Вернувшись туда, я сразу же упаковал чемодан и даже ухитрился часа четыре поспать, меня разбудил опять-таки голос Дженни — по телефону. Её тоже только что разбудили по телефону — дежурный, в назначенное время. Она уже взяла себя в руки, разговаривала спокойно, извинилась за ночные «глупости». Мы и в самом деле нужны друг другу. Я поговорю насчёт «Хижины», если Дженни хочет переехать. Позвоню из Англии, как только смогу.
Я спустился в большой дом. Эйб уже встал и, пока я рассказывал ему о том, что случилось, напоил меня кофе. Разумеется, Дженни может пожить здесь, в «Хижине», если хочет; в любом случае они с Милдред позаботятся, чтобы она не чувствовала себя слишком одинокой. Именно этого мне и хотелось, и не просто ради доброты душевной, а потому, что Эйб и его жена — потрясающее воплощение еврейского здравого смысла и новоанглийской58 открытости. Рядом с ними никакие тайны долго не выживают, Дженни необходимо узнать их поближе в моё отсутствие, стать на время их дочерью-шиксой,59 а не моей хорошенькой и умненькой пассией-англичанкой. Ещё я очень надеялся, что, стоит ей изложить им мою версию наших с ней отношений, они тотчас же примут мою сторону. Они с одобрением относились к Дженни как к личности, но не могли одобрить совращения младенцев с пути истинного. Кроме того, они гораздо больше знали о моём прошлом, чем она… и о моих недостатках.

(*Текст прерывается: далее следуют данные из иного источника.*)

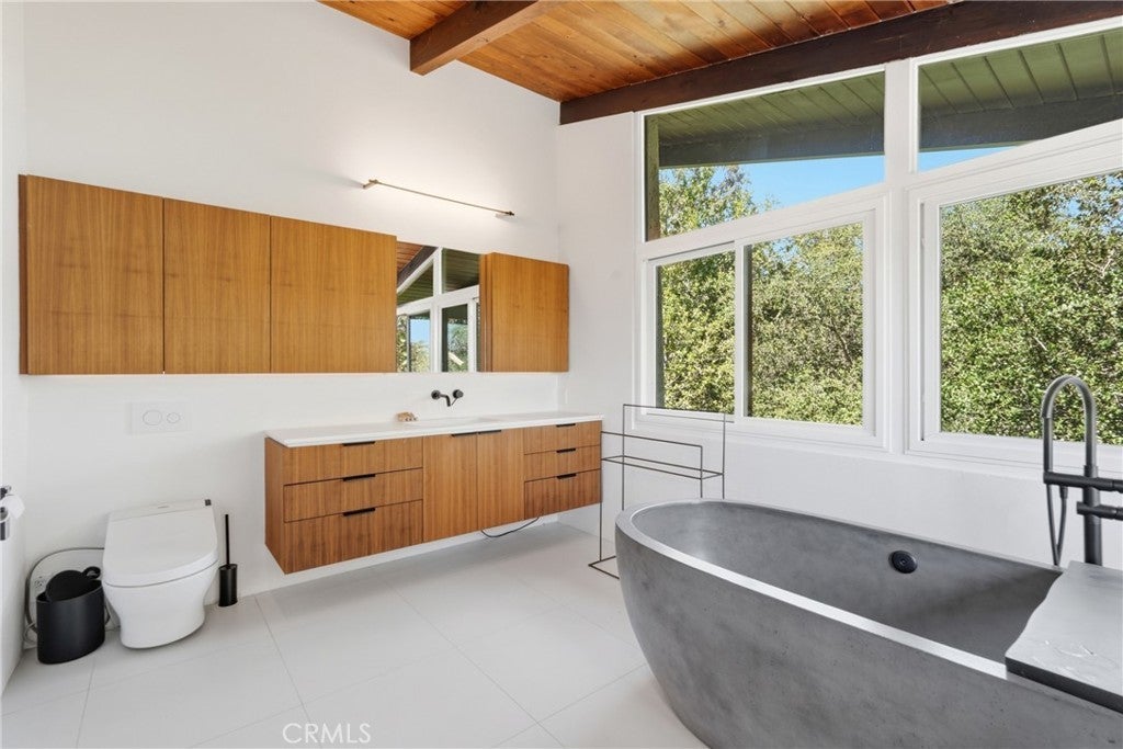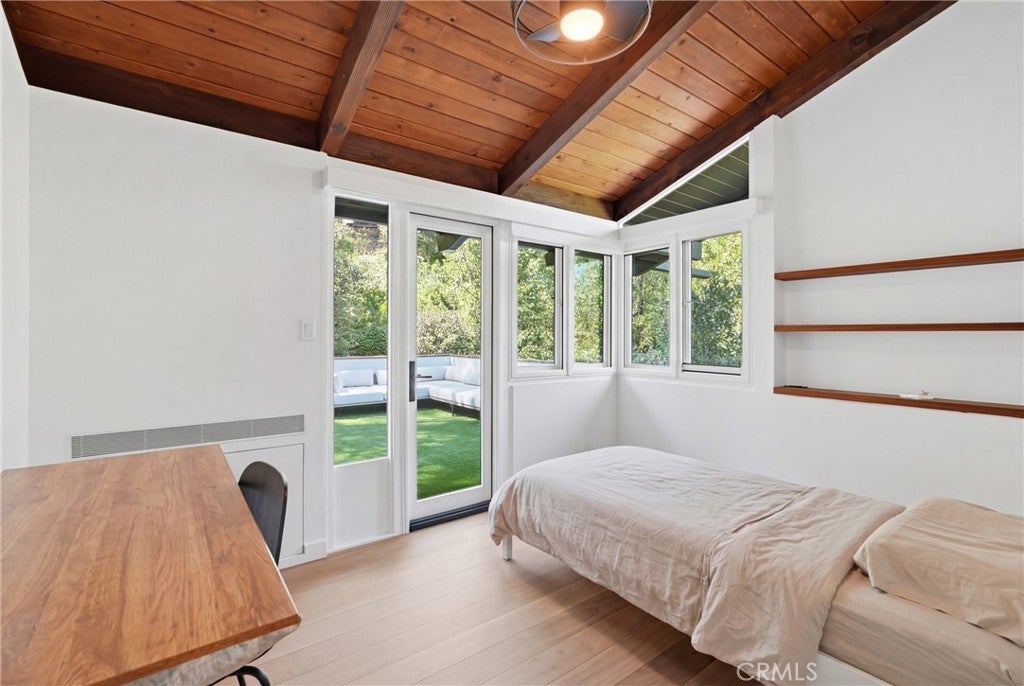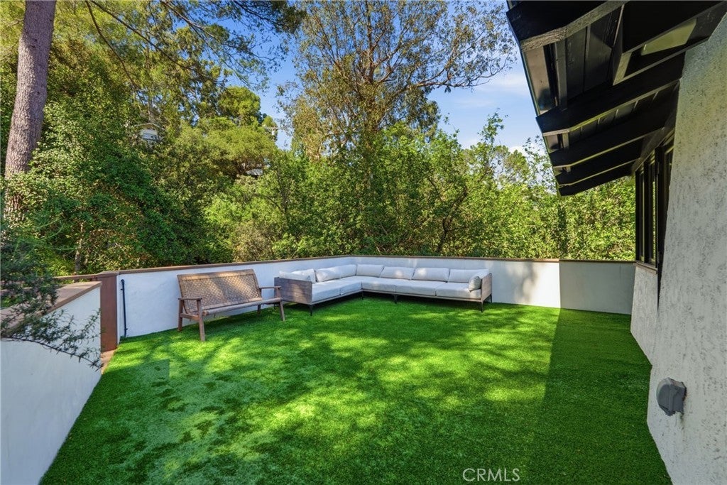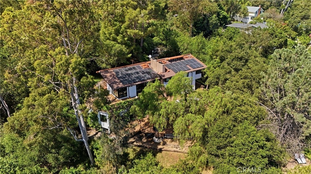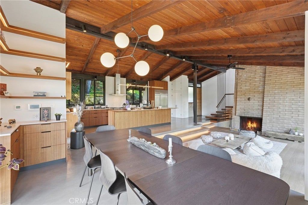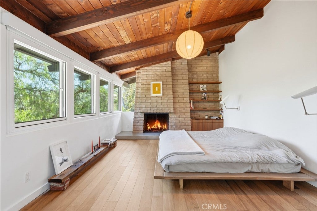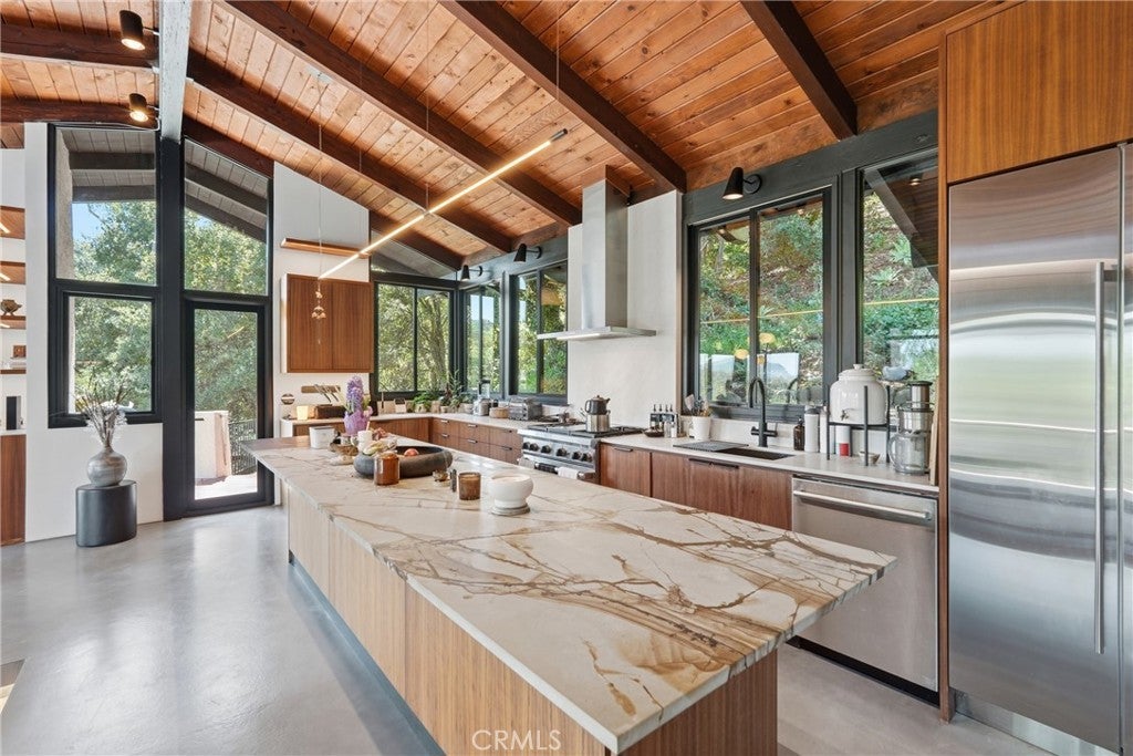 Private 3-acre Topanga retreat with panoramic canyon and mountain views, resort-style amenities, and seamless indoor-outdoor living. Tucked away in the highly sought-after Upper Fernwood neighborhood of Topanga, this mid-century residence offers a rare blend of privacy, architecture, and lifestyle. Set on nearly 3 acres and surrounded by lush natural landscape, the home showcases expansive walls of glass that frame breathtaking canyon and mountain views while filling the interiors with natural light. The home features an open-concept living and entertaining space with clean modern lines, warm wood finishes, and a relaxed yet elevated design. A stunning great room with vaulted wood-beamed ceilings and a statement fireplace serves as the heart of the home, while a dedicated dining area captures serene views through floor-to-ceiling glass doors that open to the surrounding decks. The chef’s kitchen is equipped with Wolf and Sub-Zero appliances, custom cabinetry, and stone countertops, seamlessly connecting to the main living areas. The primary suite offers a tranquil retreat with a fireplace and abundant natural light, complemented by a spa-inspired bathroom featuring a freestanding soaking tub, walk-in shower, and peaceful nature views. Additional bathrooms feature modern finishes, including a sleek secondary bath with stone surfaces and custom fixtures, along with a designer powder room. Additional bedrooms are bright and inviting, many with direct outdoor access, while a separate office provides an ideal work-from-home setting. Designed for a true wellness lifestyle, the outdoor spaces are exceptional. Expansive wood decks offer multiple seating and dining areas with sweeping views, a built-in outdoor kitchen with BBQ, lounge areas with fire feature, hot tub, cold plunge, and a private barrel sauna. A private trail and bridge lead to a yoga and viewing deck overlooking the surrounding mountains. The grounds feature mature landscaping including fruit trees, enhancing the natural and private setting. Additional features include radiant heated floors throughout, a Tesla EV charger, a spacious driveway, covered parking, and a private turf courtyard. Set in a peaceful, nature-rich setting near Topanga’s most desirable hiking trails, the property offers privacy while still being within convenient reach of Los Angeles. The property is presented as a fully furnished residence, with the option for unfurnished occupancy.

Здесь присутствовало и кое-что ещё, более важное: мой отъезд позволял одним махом решить сразу две проблемы, ведь наши отношения возможны были лишь внутри той культуры, где люди никогда не стареют (особенно если они богаты и добились успеха) и где считается нормой отдавать молодость и красивое тело в обмен на богатство и успех. Я видел достаточно браков, где жёны вполне годились в дочери своим мужьям. И вовсе не всегда эти девочки были «платиновыми блондинками», «ночными бабочками» прежних времён; чаще всего это были серьёзные, скромные молодые женщины, они даже держались с достоинством, или, возможно, это была просто удовлетворённость: ведь им удалось уйти от сереньких будней, неизбежной судьбы тех, кто молод, а за душой — ни гроша. И на мой взгляд, если кто тут и оказался в дураках, так это мужчины; а Дженни, помимо всего прочего, обладала немалой толикой здравого смысла и слишком ценила привычные её поколению свободы, чтобы отказаться от возможностей, какие сулило ей будущее… как бы я ни старался её от этого отвратить. Она вбила себе в голову (или специально для меня делала вид), что прекрасно знает все «за» и «против», что я, как она яростно утверждала (слишком яростно, чтобы это звучало убедительно), — самое лучшее, на что она может рассчитывать. Но эта ерунда будет неминуемо опровергнута самим ходом времени. Я не имел права поддерживать это заблуждение и категорически не желал расплачиваться собственными чувствами за её разбитые иллюзии.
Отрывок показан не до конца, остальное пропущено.